D.C. will, of course, ask for a stay in execution of the Circuits ruling while the appeal is still pending. Do not assume that this stay will be automatically granted. It's a coin toss, either way.

As of this moment, two of D.C.'s gun laws have been struck... And by inference, any other laws banning the use of firearms for personal defense in other federal enclaves (military housing may not be affected as they fall under military jurisdiction and would have to be adjudicated there first).

GoSlash27 said:
Does anybody have a feel for the current makeup of the SC in regards to the 2nd Amdt?

I believe that under the current makeup of the court, it would be 4 against and 4 for, with Kennedy the prevailing (and pivotal) vote.

As a final of note, there are the political ramifications.
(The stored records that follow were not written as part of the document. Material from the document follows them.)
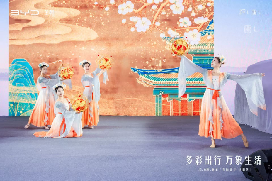 晚间发布会在一段气势恢宏的国风舞蹈中拉开序幕,舞者的刚柔并济,象征着新车兼具力量与优雅的设计哲学。在震撼的视听效果与全场倒数中,覆盖在汉L与唐L之上的幕布缓缓落下,标志着两款集大成之作正式登陆济南市场。
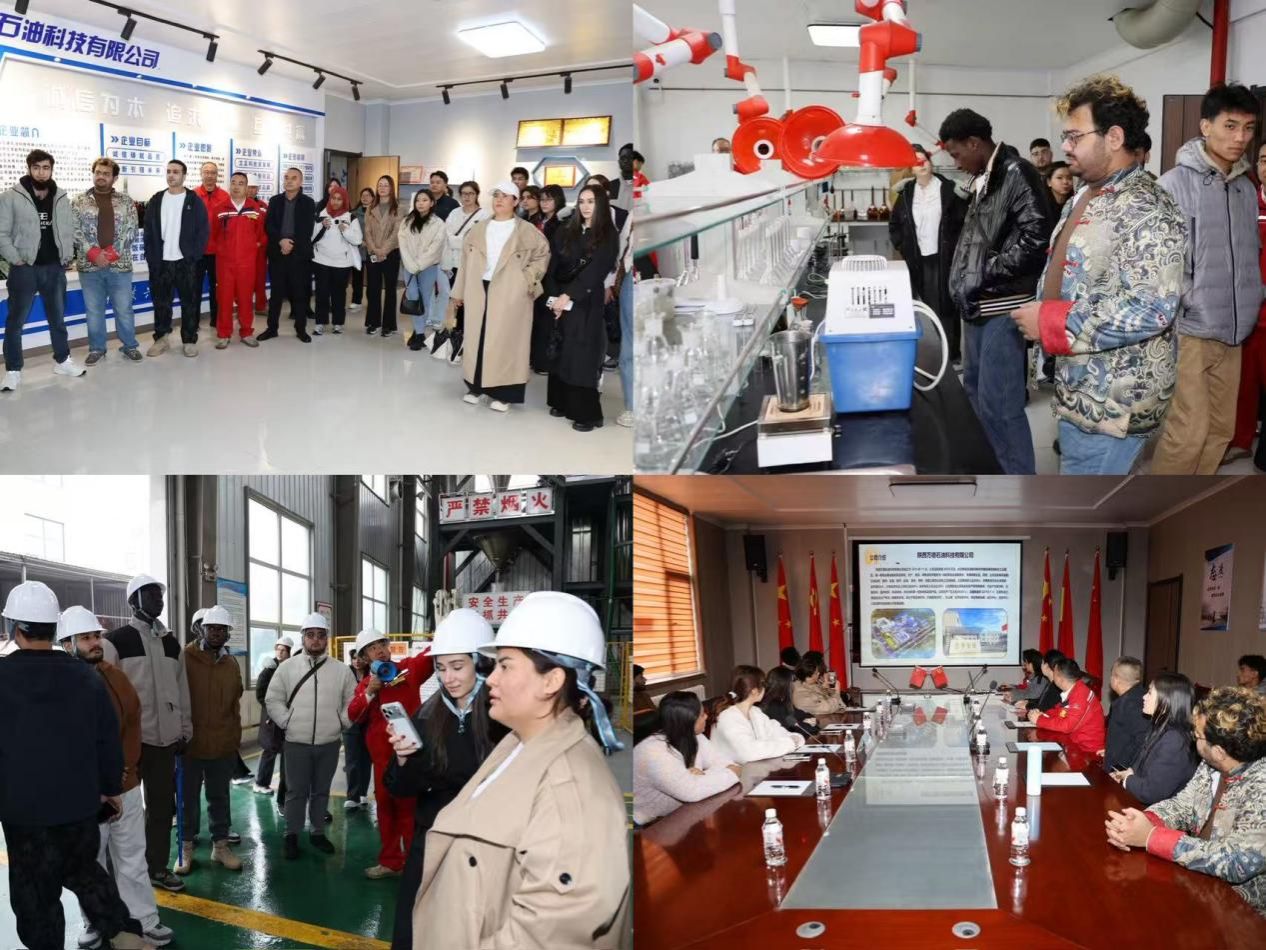活動首站聚焦中國能源領域發展,師生一行到訪陜西萬德石油科技有限公司。公司副總經理李耀龍對師生表示歡迎,結合企業發展歷程、主營業務,系統介紹石油行業最新形勢與未來戰略規劃,幫助國際學生建立對中國能源企業創新成果的整體認知。在工作人員帶領下,國際學生依次走進泥漿實驗室、理化實驗室、固井實驗室、自控中心及高分子集合物、纖維素生產車間,直觀了解各類設備功能、實驗原理與生產流程,清晰掌握現代技術在石油科技領域的實際應用。互動交流環節中,國際學生結合自身專業知識,圍繞參觀中的疑問積極提問;企業工作人員逐一細致解答,并就國際學生未來在華、在企就業發展展開深入探討,為學生職業規劃提供參考。
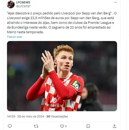 O Liverpool decidiu colocar à venda o zagueiro Sepp van den Berg, de 22 anos. O jogador, que retorna a Anfield após um período de empréstimo ao Mainz, da Alemanha, será avaliado pelo novo técnico Arne Slot durante a pré-temporada.
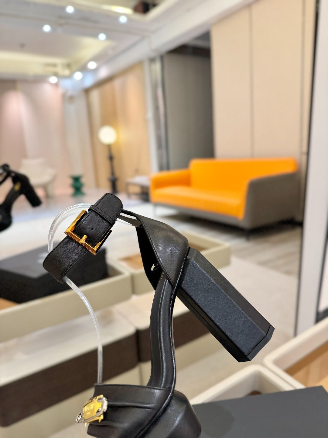 BALMAIN 25S WEDGE HEELS 100MM IN BLACK CALFSKIN

This ruling (and any appeals) will play heavily in the 2008 presidential and congressional races.
 
As of this moment, two of D.C.'s gun laws have been struck... And by inference, any other laws banning the use of firearms for personal defense in other federal enclaves
Interesting inference. National Parks?
 
Further, the D.C. Circuit held that the 2A right is an individual right and that the implements of the right may not be outright banned.